The first stomach churning step I took was to pitch my second book, Fur Ball Fever, to an agent who was very interested and asked if the manuscript was finished. When I explained somewhat sheepishly that I was only a third of the way through my first draft, she told me, no problem. Simply email her when it’s completed. Now, all I have to do is sit down, write the sucker, and hope she still likes my pitch in a year or so.

But that’s only the beginning. The following morning, Diana Gabaldon, one of my all-time favourite authors and creator of The Outlander series, was mine, all mine, for a double Blue Pencil session. The person preceding me was a no-show, so I got twenty-five minutes of Diana’s undivided attention. She read my entire first chapter, laughed in all the right places, said I had a knack for writing humor, and made several very helpful suggestions to improve my work and tighten the suspense. Wow!

Next, I pitched my first book to a Vancouver film producer who was searching for Canadian material with international appeal. She said she was intrigued by The Jaguar Legacy, and walked away with my media kit and a copy of the book, promising to have someone read it to assess whether or not it was movie material.

There’s more.
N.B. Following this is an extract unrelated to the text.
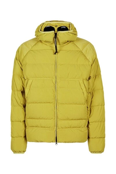 Eco-chrome r kap naar beneden naar beneden bril Jack Golden Palm-Geel Medium Gededed Jacket met volledige ritssluiting, functionele frontale zakken en brilkap. Chrome is de eigenaar van nylon multifilament stof van C.P. Bedrijf. Deze nieuwe versie maakt gebruik van ECONYL®, een geregenereerde nylonvezel geproduceerd met behulp van pre- en postconsumptieafval, zoals visnetwerken. Normale pasvorm
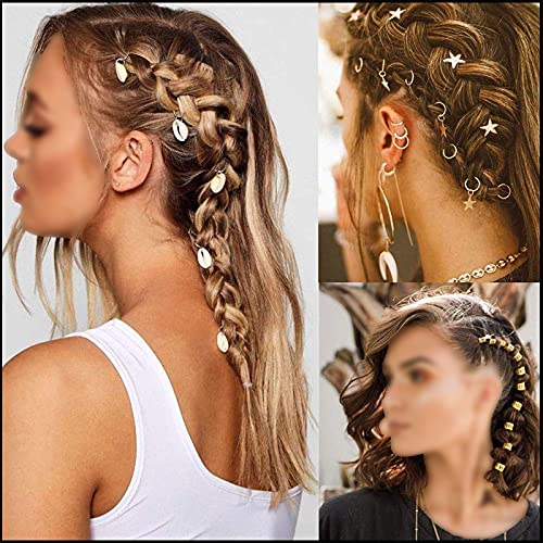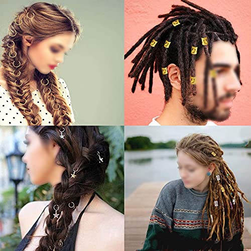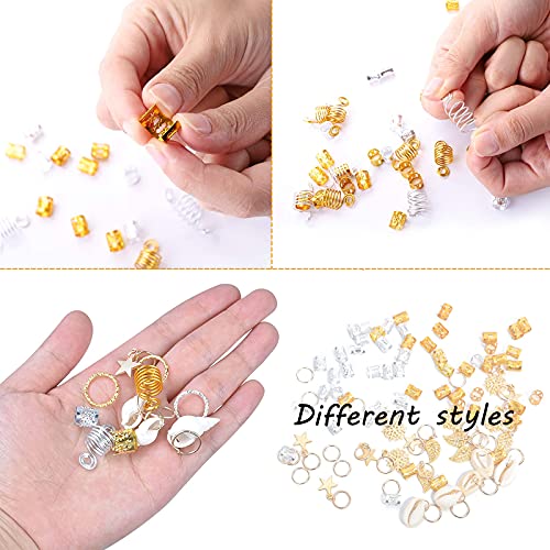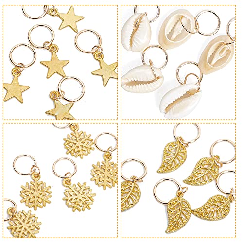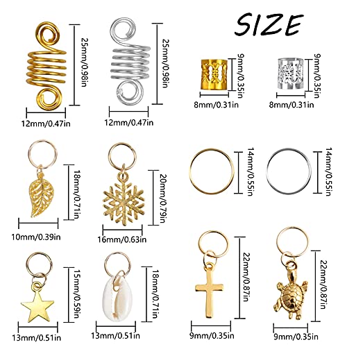 Confezione risparmio: ottieni 30 polsini in metallo dreadlock oro e argento, 40 anelli dreadlock biondi e argento, 20 dreadlock in rame, 5 ciondoli conchiglia, 5 anelli foglia, 20 ciondoli fai da te (5 tartarughe d'oro, 5 croci, 5 fiocchi di neve, 5 stelle) per l'uso quotidiano.

I forced myself to do more networking. I mean, I really pushed myself to socialize with STRANGERS. You extroverts out there probably won’t relate, but I find networking one of the hardest things to do at a conference. Not only did I meet some delightful people, six of them actually purchased a copy of my book at the Book Fair.

If you could have chosen another profession, what would that profession be?
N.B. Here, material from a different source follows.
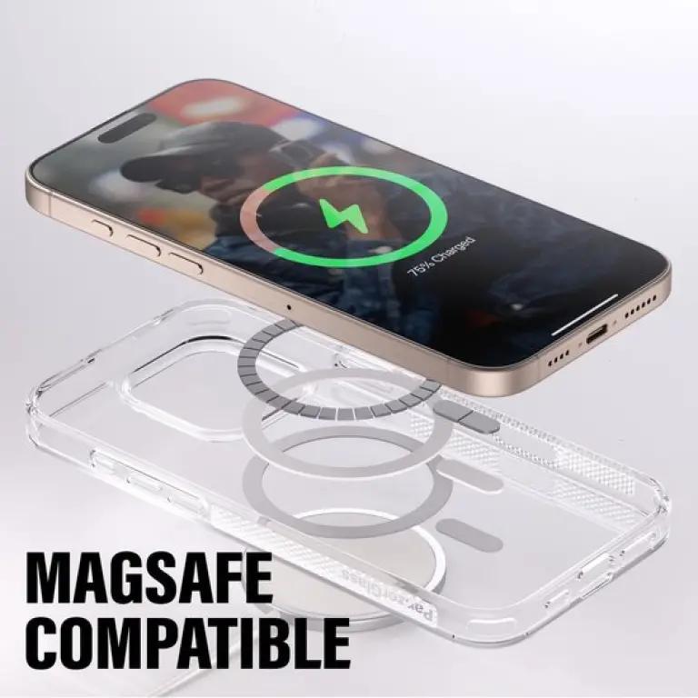 Met een militaire standaard valtest (MIL-STD-810H) beschermt deze hardcase je telefoon tegen vallen tot wel 4,8 meter hoogte. Dat is flinke bescherming voor alledaagse ongelukjes en meer. Daarnaast is de hardcase MagSafe geschikt, dankzij de ingebouwde magneet die naadloos werkt met alle MagSafe accessoires en draadloze laders. Zo laad je je iPhone makkelijk en snel op zonder het hoesje te verwijderen.

Long, long ago, I did choose another profession — management consulting in the Information Technology sector, but that’s not what you meant. The only other profession I considered was that of psychologist, but decided against the switch because I wasn’t sure I could maintain the necessary detachment in the face of all those issues, traumas, and anxt. I have enough of my own.

Would you give up being an author for that profession or have you combined the best of both worlds?

Here’s the thing. I’m a psychologist wannabe, a voyeur of the human psyche, an emotional junkie. I suck up internal conflicts like a Hoover sucks up dust –emotions, feelings, and emotional baggage that characters drag around, providing their motives and affecting their actions. Writing a romance novel is a psychological jigsaw puzzle that feeds my craving for an emotional fix. I feel that I am living the best of both worlds, only without the responsibility of curing a patient or the guilt if I failed.

How do you see yourself in ten years?

Career-wise, I see myself as a New York Times best-selling author with several successful books under my belt, merrily belting out riveting workshops and memorable keynote speeches in front of worshipful audiences — as long as nobody objects to a presenter whose memory for author names and book titles is woefully foggy, and who forgets the details of a plot as soon as she puts the book down.

Any final words for writers who dream of being published one day?

· Join a critique group.

· Don’t give up because of rejections or stinging critiques. Keep on writing.

· Mistakes are inevitable. Every writer makes them. Learn from your mistakes and keep on writing.

· Send that manuscript out. I was amazed at the number of authors who won’t submit their manuscript to an agent, editor, or contest because they fear criticism. And keep on writing.

· Pitch your book at every opportunity. Practice first on a fellow writer.

· Keep learning. Hone your craft. Attend workshops, take classes (there are lots of great online courses), read how-to books.

· Eat chocolate.

· Persistence, persistence, persistence. Did I mention keep on writing?